At this year’s European Association of Retina Specialists (EURETINA) conference, Boris Stanzel, MD, visited the Ophthalmology Times Europe booth. Dr. Stanzel spoke on a wide range of topics, including central visual field thickness (CST) measurement in age-related macular degeneration (AMD) and diabetic macular edema (DME), choosing the right intraocular lens for patients with geographic atrophy (GA), and in-clinic applications of artificial intelligence (AI), among other exciting symposia from the conference.
Editor’s note: The transcript below has been lightly edited for clarity.
Dr. Boris Stanzel: Hello, my name is Boris Stanzel. I am a professor of ophthalmology at the University of Bonn, but my main practice is at the Sulzbach Eye Clinic in Germany. Our usual underdog statement is that nobody knows about Sulzbach. Sulzbach is on the southwestern border, on the border with France and Luxembourg, and is very famous for its wine. Jokes aside, we are the largest surgical retina center in Germany and one of the top three for retinal care in the country.
I made a couple of contributions at EURETINA. One that I talked about was fluid quantification with the RetInSight fluid monitor in VABYSMO (faricimab-svoa) patients in a real-world cohort. Basically, when we compared fluid quantification in AMD to CST measurements, we found that CST underestimated dryness with VABYSMO by 2x and CST underestimated dryness by 4x in DME. So if you translate that to, say, a switcher population, basically AMD patients get up to 40% more dryness when you put VABYSMO on them. DME patients get up to 60% more dryness when you put VABYSMO on them. So this is the first time we’ve quantified these data. It’s a small cohort, but it seems like it’s reproducible within a lot of incremental data acquisition that we’ve done.

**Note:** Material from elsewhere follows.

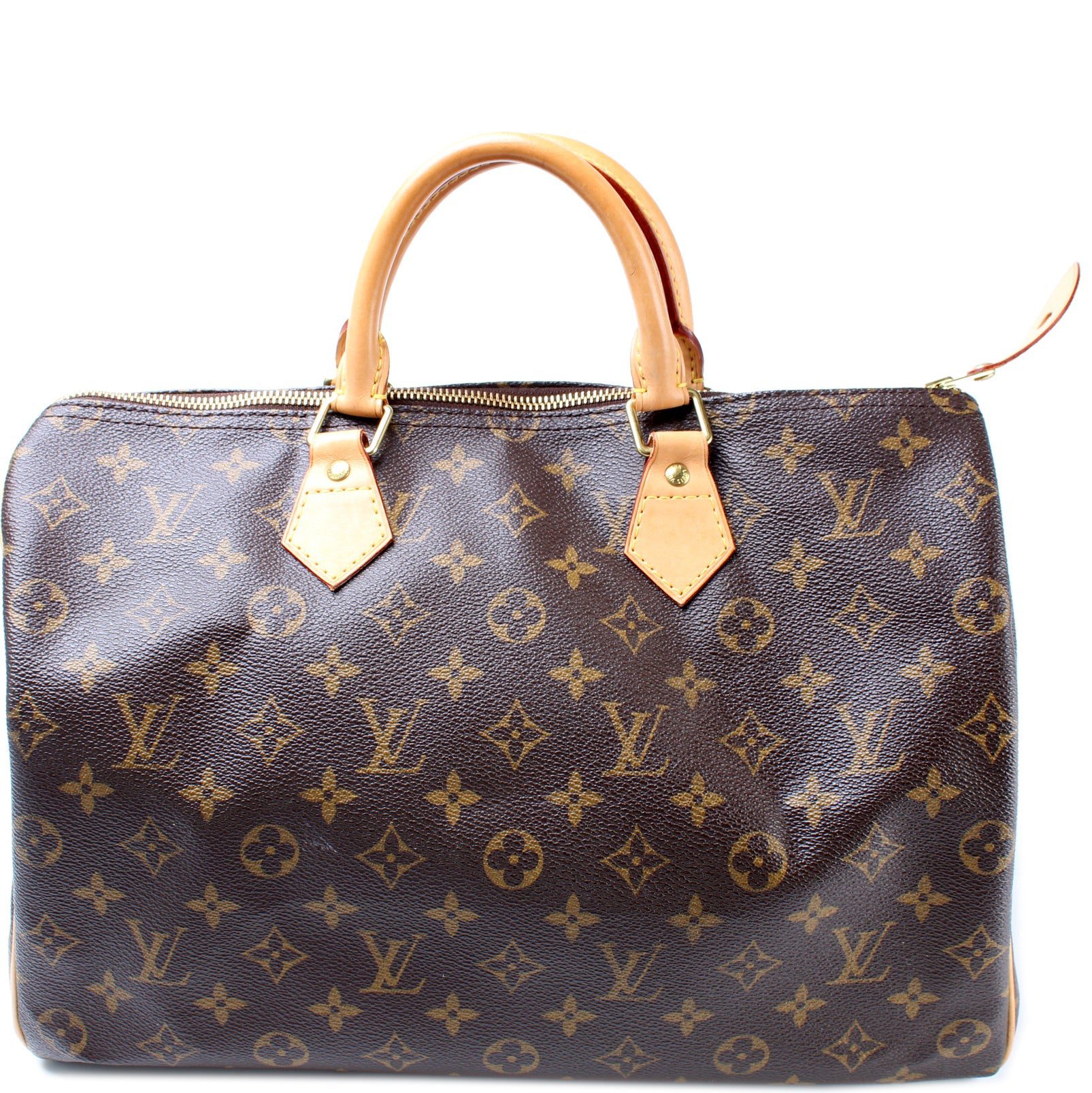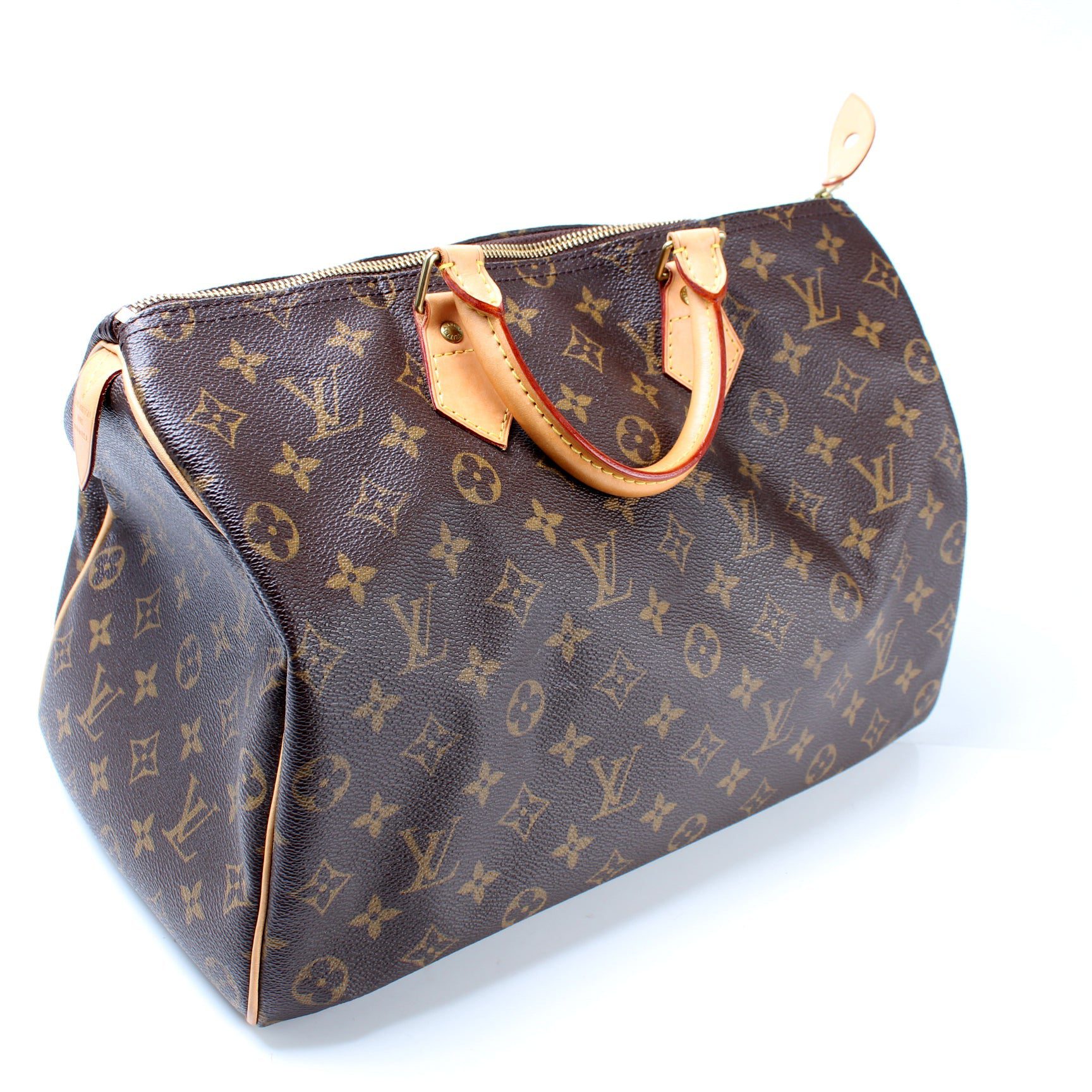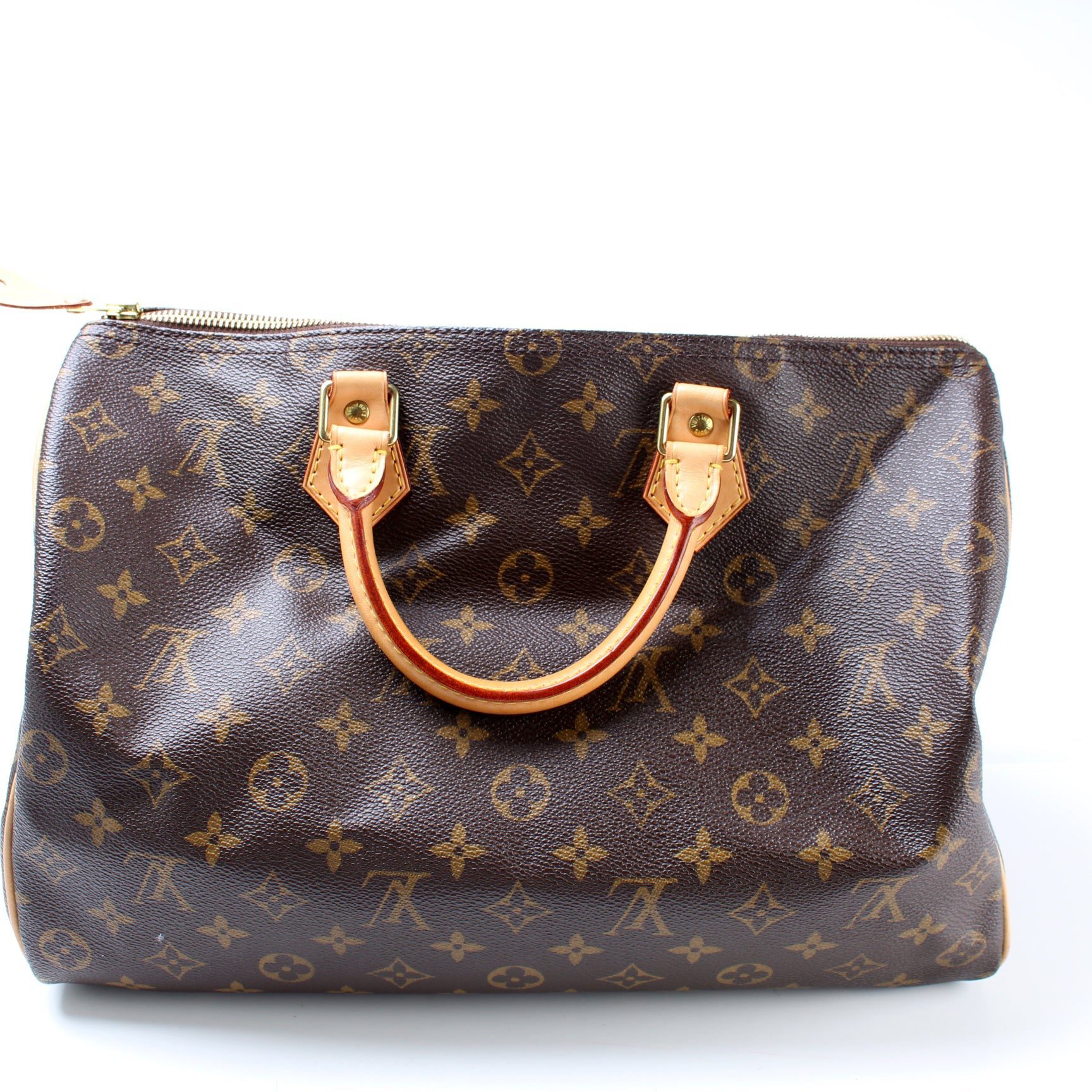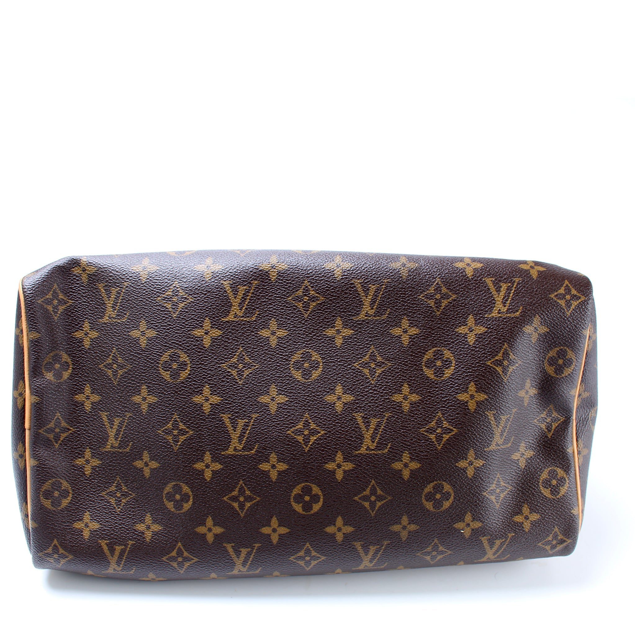 Louis Vuitton Speedy 35. The exterior is in the classic Louis Vuitton Monogram coated canvas.Â

Another contribution that we made at the conference was that we looked at a new intraocular lens, a monofocal lens with a hyperspherical design. This is very interesting for patients who have some kind of macular atrophy. Geographic atrophy is a big buzzword right now, so a lot of patients who have macular atrophy lose their gaze. Gaze can be quantified with micro-perimetry. In other words, when you first turn on the micro-perimetry device, you get what’s called a gaze cloud. The bigger the gaze cloud, the worse the patient’s ability to gaze. Our theory was that when you insert a regular lens, the IOL basically shines (the light path) into the macular scar, which doesn’t make sense. But with a lens that has a wider field of view, you can actually see the relatively healthy area at the edge of the scar, and thereby potentially reduce the gaze cloud. And this is exactly what happened in a smaller patient group. It was basically unrelated to approval or transparency. We also saw a reduction in the fixation point. This is probably an unexplored area in the field of visual rehabilitation for patients at this point. So I would add that we basically don’t have a control group. Therefore, although we are still in the exploratory stage at this point, if we understand how to use this lens and how it functions, there is a high possibility that it will be possible to equip patients with macular disease with it, and I think this is a very interesting technology.

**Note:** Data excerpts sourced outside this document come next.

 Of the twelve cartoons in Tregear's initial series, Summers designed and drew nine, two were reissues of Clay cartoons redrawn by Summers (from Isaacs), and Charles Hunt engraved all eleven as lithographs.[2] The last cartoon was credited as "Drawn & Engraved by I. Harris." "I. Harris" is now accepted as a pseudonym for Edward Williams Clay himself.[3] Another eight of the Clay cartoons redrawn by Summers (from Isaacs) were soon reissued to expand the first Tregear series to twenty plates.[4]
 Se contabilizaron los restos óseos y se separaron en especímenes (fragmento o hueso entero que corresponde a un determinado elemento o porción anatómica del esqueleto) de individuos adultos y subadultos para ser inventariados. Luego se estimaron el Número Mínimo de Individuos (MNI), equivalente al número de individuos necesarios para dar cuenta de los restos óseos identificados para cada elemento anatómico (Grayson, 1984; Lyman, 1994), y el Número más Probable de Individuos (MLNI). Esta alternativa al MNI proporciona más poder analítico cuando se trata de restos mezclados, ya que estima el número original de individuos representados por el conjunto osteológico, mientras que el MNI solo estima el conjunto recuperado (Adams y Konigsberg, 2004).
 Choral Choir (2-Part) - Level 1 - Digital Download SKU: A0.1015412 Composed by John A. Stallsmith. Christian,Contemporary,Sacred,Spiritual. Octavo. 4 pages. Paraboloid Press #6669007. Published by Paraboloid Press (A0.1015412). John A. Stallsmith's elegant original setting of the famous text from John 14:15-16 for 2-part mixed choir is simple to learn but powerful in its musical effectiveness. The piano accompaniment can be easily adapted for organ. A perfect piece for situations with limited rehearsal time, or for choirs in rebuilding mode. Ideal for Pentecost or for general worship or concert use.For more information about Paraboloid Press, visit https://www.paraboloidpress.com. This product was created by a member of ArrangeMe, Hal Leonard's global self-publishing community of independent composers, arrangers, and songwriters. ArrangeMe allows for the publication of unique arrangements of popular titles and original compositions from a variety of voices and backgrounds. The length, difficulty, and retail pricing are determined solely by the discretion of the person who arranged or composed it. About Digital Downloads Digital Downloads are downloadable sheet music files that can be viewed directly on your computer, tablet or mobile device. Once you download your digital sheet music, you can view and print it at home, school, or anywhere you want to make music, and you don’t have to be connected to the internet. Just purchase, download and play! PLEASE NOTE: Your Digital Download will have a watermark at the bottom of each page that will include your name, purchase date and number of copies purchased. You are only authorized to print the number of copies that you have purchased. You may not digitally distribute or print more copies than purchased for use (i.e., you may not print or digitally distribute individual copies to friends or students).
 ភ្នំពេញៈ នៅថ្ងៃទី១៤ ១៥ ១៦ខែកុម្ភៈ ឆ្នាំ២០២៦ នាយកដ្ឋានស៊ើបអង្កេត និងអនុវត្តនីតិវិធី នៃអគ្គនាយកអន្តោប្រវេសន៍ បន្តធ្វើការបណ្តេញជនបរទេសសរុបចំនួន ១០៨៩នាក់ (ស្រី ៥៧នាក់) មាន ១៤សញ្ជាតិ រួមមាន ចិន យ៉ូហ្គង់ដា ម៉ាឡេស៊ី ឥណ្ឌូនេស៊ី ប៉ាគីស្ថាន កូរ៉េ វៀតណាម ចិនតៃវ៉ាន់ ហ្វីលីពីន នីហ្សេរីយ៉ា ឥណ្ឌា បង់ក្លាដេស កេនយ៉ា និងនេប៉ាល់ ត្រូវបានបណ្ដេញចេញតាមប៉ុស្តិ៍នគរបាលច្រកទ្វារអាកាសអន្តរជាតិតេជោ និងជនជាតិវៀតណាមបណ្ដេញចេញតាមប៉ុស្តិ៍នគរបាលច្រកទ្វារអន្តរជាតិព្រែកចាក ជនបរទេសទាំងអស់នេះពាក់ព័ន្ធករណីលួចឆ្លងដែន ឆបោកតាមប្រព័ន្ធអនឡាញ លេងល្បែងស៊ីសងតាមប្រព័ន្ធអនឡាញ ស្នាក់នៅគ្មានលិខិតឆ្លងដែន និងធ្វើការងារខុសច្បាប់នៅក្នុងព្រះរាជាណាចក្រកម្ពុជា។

What else excited me about this conference? You know, AI is everywhere. So we all have this problem: “I saw this patient then, and then I saw another patient, and I need to contact the clinic manager, can you make a list for me?” And recently I came across a presentation at the EURETINA Innovation Symposium, and the result of that presentation was, “This is a Chat GPT-like technology, you tell it what you want, and it will populate the medical records and look up the patient for you.” Amazing! I’m not saying that AI will replace humans, but this idea is very close to that.